New poll reveals enjoyment and satisfaction in 'adulting' tasks such as grocery shopping and cleaning.

One in four Americans “don’t feel like adults” until they hit their late 20s, according to a new study.

The poll of 2,000 U.S. adults found another 6% said it took them until their mid-30s before they began to feel like adults.

This data comes in as many admit to enjoying the mundane, “adult” tasks in their lives, such as shopping for groceries (65%), balancing their budget (62%), doing dishes (60%), laundry (57%) and vacuuming (56%).

And a large majority (91%) enjoy tasks they’d be afraid to admit they like to others — doing dishes (40%), balancing their budget (39%) and vacuuming (37%).

One in four Americans “don’t feel like adults” until they hit their late 20s, according to a new study.

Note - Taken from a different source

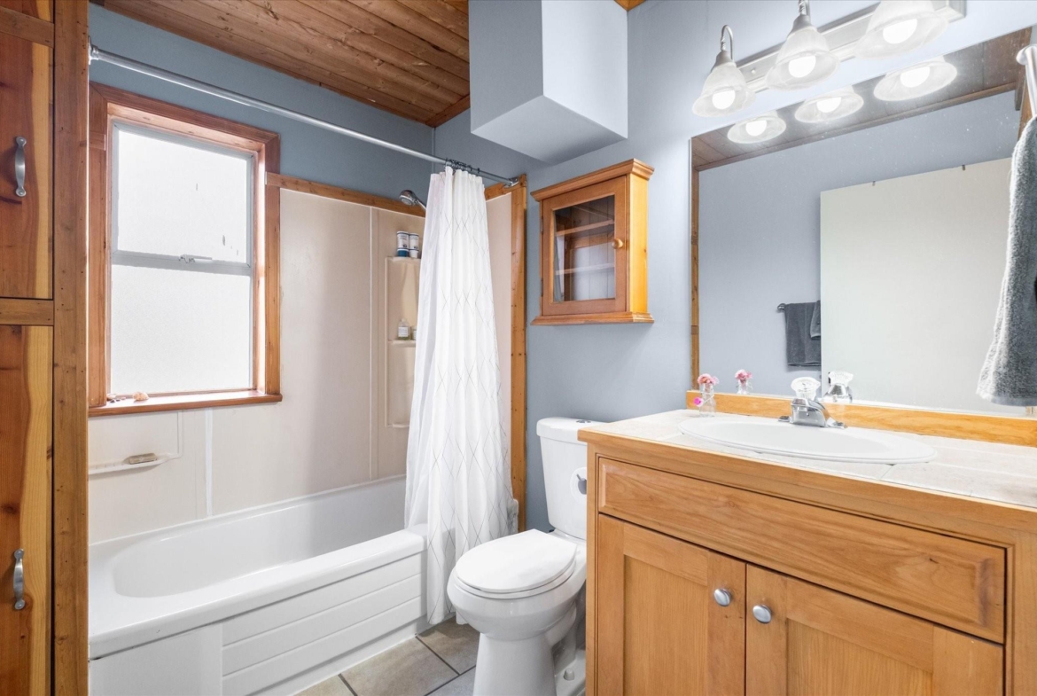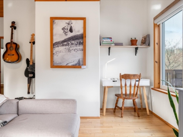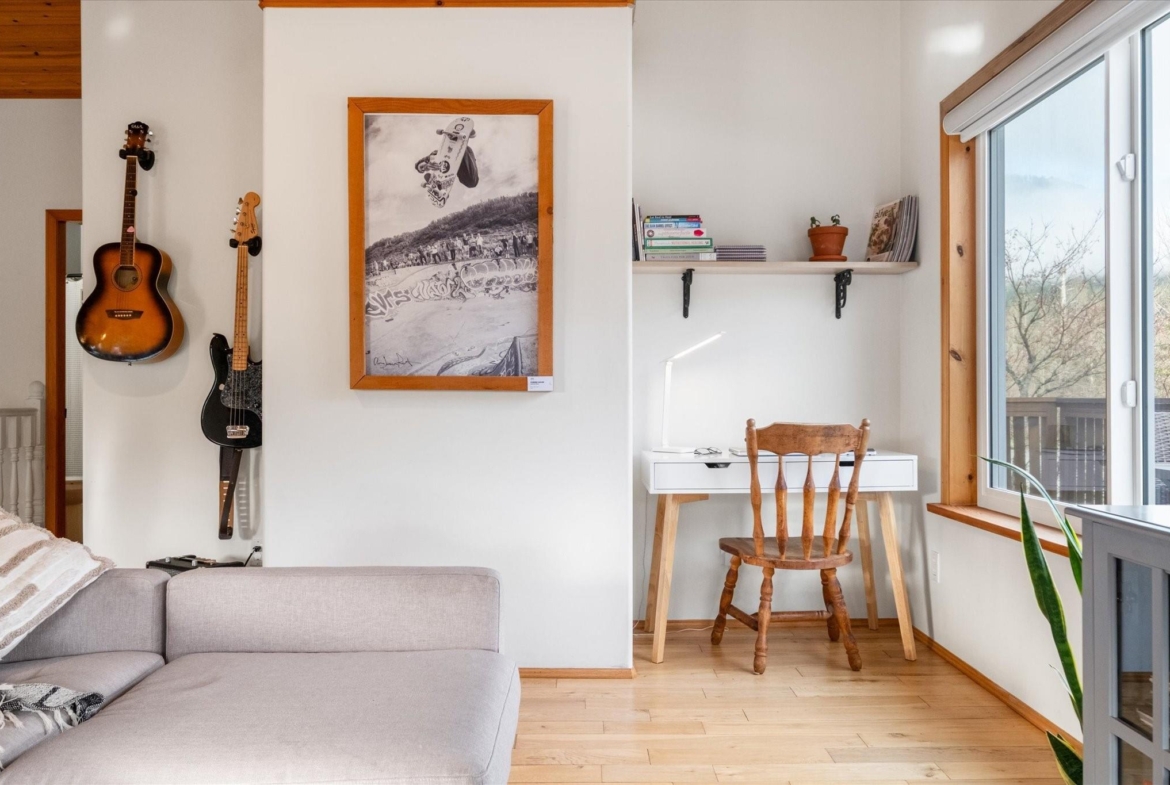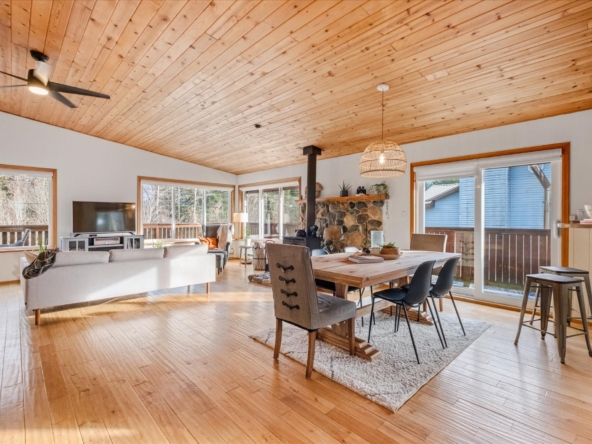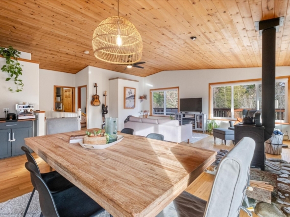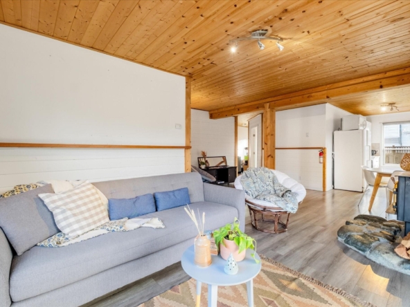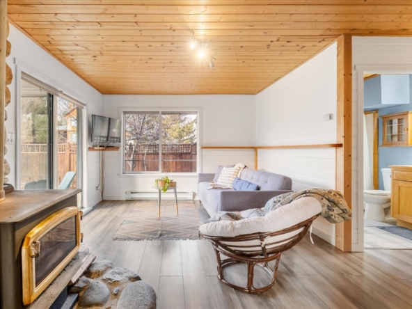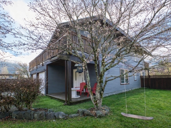 Sunshine, mountain views, and flexible living come together in this Pemberton home on a corner lot with mature trees and established landscaping. The open-concept living area is bright and welcoming, anchored by a cozy wood-burning stove, with some updates already completed.

SHVETS PRODUCTION/PEXELS

When examining generational differences, Gen Z was the most afraid to admit they like vacuuming (62%), while millennials’ guilty pleasure is doing dishes (40%) and Gen X has a deep appreciation for grocery shopping (44%).

Baby boomers were the most unafraid of admitting they enjoy doing boring tasks (43%).

Commissioned by LG Electronics and conducted by OnePoll, the results found the average person does the boring, “adulting” tasks they enjoy eight times per week and 67% get bothered when the things they get excited about are seen as “boring” by other people.

Nearly half (49%) have come across a group of people who are just as interested in the same “adulting” tasks that they are, and usually come across these groups through in-person social groups (70%), social media (60%) and online forums (53%).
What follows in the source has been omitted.